Sometimes the slender-slit or pseudo-blepharoptotic eye carries with it such delicate grace and submissive beauty, creating such a magnificent work of art – that it begs to remain undisturbed. In other persons a similar lid may suggest a “sinister” aura, which can be extremely restrictive socially and professionally. There is an ancient Chinese adage suggesting that one should never trust a person with slender-slit narrow fissure type eyes. Generally such an Asian characteristics (Fig. 33.13) yield in desirability to the more “open” and “accessible” appearance of a naturally occurring, or skillfully created, “double” eye.
Natural and unnatural Asian lid folds
When lid folds occur naturally in East Asian eyelids, they have physical characteristics which differ from those occurring in other populations.21 In the youthful East Asian a natural fold typically parallels the lid margin in the outer two-thirds of the eyelid, closing towards the eyelid margin as it proceeds nasally. Medially, the crease may either end just above the epicanthal canopy (usually preferable) (Fig. 33.14A), extend to its medial margin (Fig. 33.14B), or dive beneath the epicanthal canopy (Fig. 33.14C). Sometimes, in Asians with prominent noses, and occasionally in those without, there may be no epicanthal canopy or epicanthus at all.
In Western and other non-Asian eyes the lid folds commonly parallel the lid margins all the way across the eyelid, but often move further away from the lid margins nasally, exposing more pretarsal skin. The latter rarely occur naturally on youthful East Asians, but sometimes the “crease”, especially when very close to the Asian lid margin, will parallel the lash line (Fig. 33.15A). The one situation where we see Asian lids with taller pre-tarsal segments nasally is after bad surgery or where there is a natural lid crease with a once fully visualized pretarsal component, but which is no longer exposed laterally (because of years of progressive scalp and forehead stretching). This causes an increased response activity in the frontalis muscle which usually inserts predominantly into the medial brow (Fig. 33.16).

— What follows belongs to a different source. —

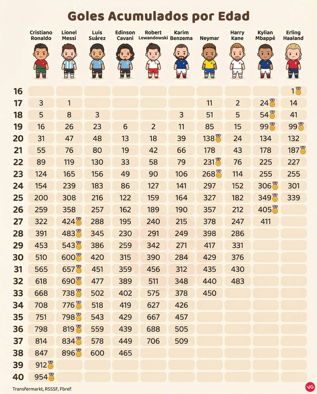 ในจำนวนนี้ คริสเตียโน โรนัลโด ซึ่งเป็นผู้ทำประตูสูงสุดในปัจจุบัน นำเพียงสองช่วงอายุเท่านั้น: ที่อายุ 39 ปี ด้วย 912 ประตู และที่อายุ 40 ปี ด้วย 956 ประตู ในทุกช่วงอายุอื่น ๆ โรนัลโดไม่ได้ครองตำแหน่งสูงสุด เออร์ลิง ฮาลันด์ นำในสามช่วงอายุ แม้ว่าหนึ่งในนั้น—ที่อายุ 16 ปี—จะเป็นไปได้เพียงเพราะประตูของยูสซูฟา มูโกโกไม่ได้ถูกนับรวมฮาแลนด์ทำประตูได้หนึ่งลูกตอนอายุ 16 ปี ในขณะที่ยามาลยิงได้แปดลูกในวัยเดียวกัน ทำให้ยามาลเป็นแชมป์การทำประตูที่แท้จริงในวัย 16 ปี ฮาแลนด์ครองตำแหน่งสูงสุดในวัย 19 และ 21 ปี เอ็มบัปเป้เป็นผู้นำในหกช่วงอายุ: 17, 18, 19, 24, 25 และ 26 ปี

Fig. 33.15 A, Another type of natural fold where a crease of very small height parallels the lid margin throughout its length. B, As the brow drops with age, the responding frontalis muscle raises the medial brow more in its quest to clear the lateral overhang. (See Fig. 33.16 for the typical origin of the frontalis muscle.)
In its attempt to raise lateral brow overhang, because of its medial brow insertion, it must overcorrect medially, and in so doing exposes a lot more pretarsal skin nasally than laterally (Fig. 33.15B). With overhang decreasing the visualized lateral pretarsal skin, an unnatural un-Asian appearance evolves, which also has an older appearance, in an area that could be a focus of attractiveness. Figure 33.17 shows a modest deformity of this type. Manual elevation of the left brow emphasizes how correction lies not in an eyelid operation (which would only worsen the condition), but with lateral brow position restoration, which cancels the muscle’s need to overcorrect, it frees the medial brow to drop into a more natural resting position.
Technical steps
Choosing the best operation for each patient
1. Correcting asymmetry
Consistent success in releasing the beauty and charm of Asian eyes means we must modify each operation to reduce any illusion of asymmetry, the most common cause of which is asymmetrical brow ptosis. Next is the amount of globe exposed. Not far behind comes the height of the upper lid pretarsal skin segment. Inequality of this segment, whether due to asymmetry of brow posture or eyelid ptosis (or retraction)*, often becomes apparent only after Asian blepharoplasty or a frontal lift exposes the pretarsal part of the eyelid, which had previously been concealed by the “single” eye with the lid overhang (Fig. 33.18).
As mentioned above, the most common sources of lid asymmetry are: (1) a difference in brow position; followed by (2) inequality of globe exposure; (3) orbital position; (4) lateral canthus; and (5) lower lid postures. Globe exposure can only be mentioned briefly here, and that is only to urge that we not let its cause be iatrogenic! (Fig. 33.19).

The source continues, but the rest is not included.